Background: The epidemic of obesity has become a major challenge to health globally. Current pharmacological treatments for obesity are limited by their efficacy and side effects. Cassia seed (CS) is an herb commonly used for weight management in China. However, the bioactive compounds in CS with anti-obesity properties have not been identified and the relevant mechanisms of action are not clear.
Aim: To identify promising active compounds in CS as amylase and lipase inhibitors for weight management with molecular modelling and docking studies.
Methods: Autodock Vina [1] was the molecular docking software used in this study. The selected ligands were orlistat (a drug designed to treat obesity) and 27 compounds reported to be present in CS. Seven amylases and lipases were used as protein targets. Every ligand was docked against each target and the binding affinity of the pair was calculated by Autodock Vina. The binding affinity indicates the strength of interaction between the ligand and target.

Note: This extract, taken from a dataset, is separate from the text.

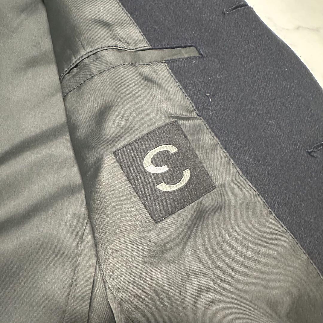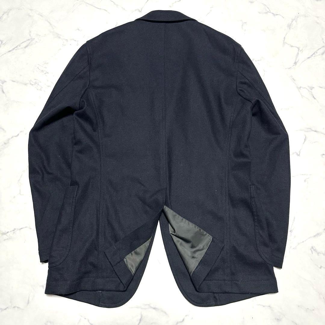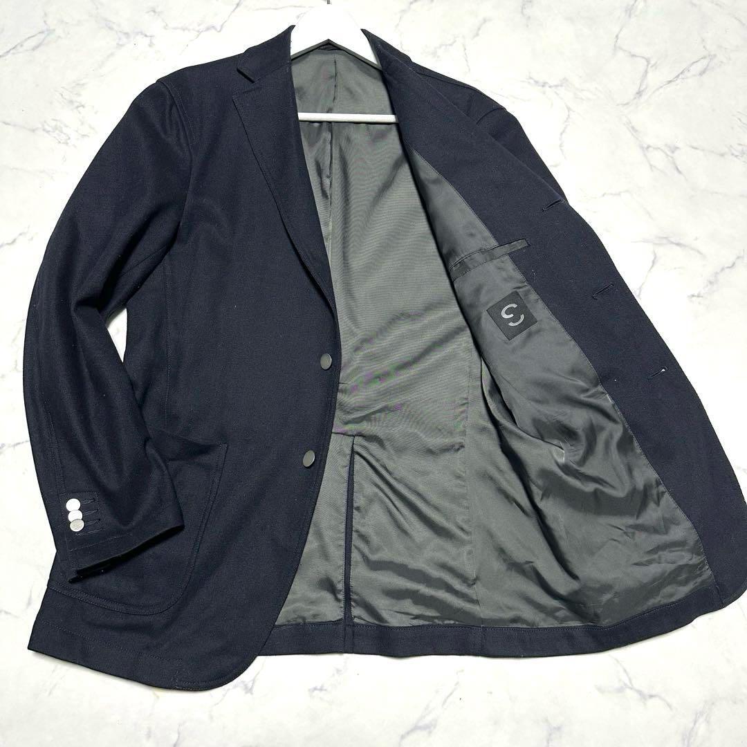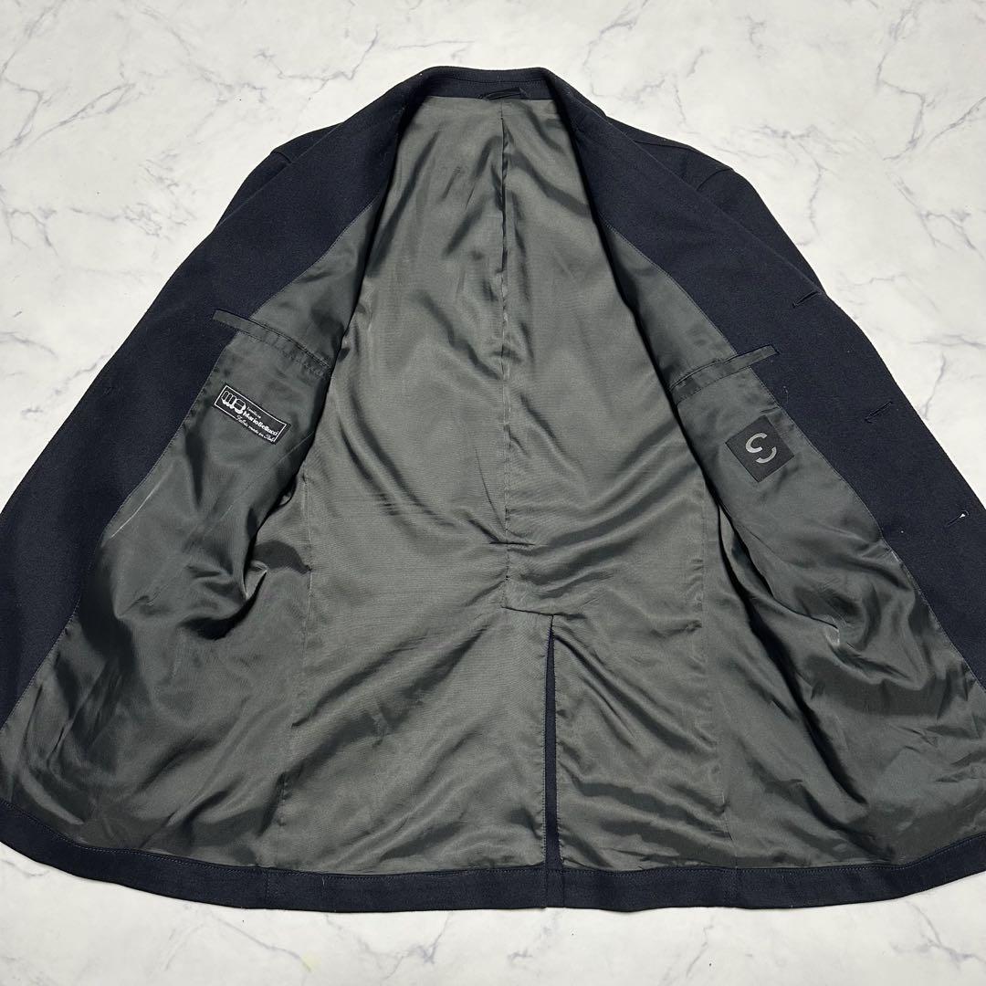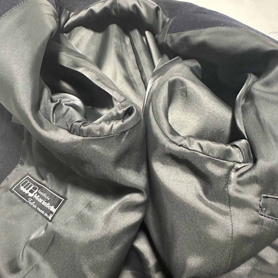 美品 イタリア製生地 ネイビージャケット 紺ブレ 銀ボタン LL ストレッチ ジャケパン 本切羽 総裏

Results: The preliminary molecular docking study has shown that CS compounds emodin, alaternin, rubrofusarin gentiobioside and ononitol are comparable, in terms of binding affinity and efficiency, to orlistat. Predicted binding affinity values suggest that rubrofusarin exhibits similar affinity to lipase compared to orlistat; while emodin has substantially (> 20%) higher affinity, indicative of the latter's potential to act as an inhibitor with greater efficacy than orlistat.
Conclusion: The results suggest that some chemical compounds in CS may interact with amylase and lipase via a similar mechanism to orlistat. Further studies, with Biovia Discovery Studio [2], are recommended to identify ligand-receptor interactions at the binding sites to confirm if there is any inhibitory action.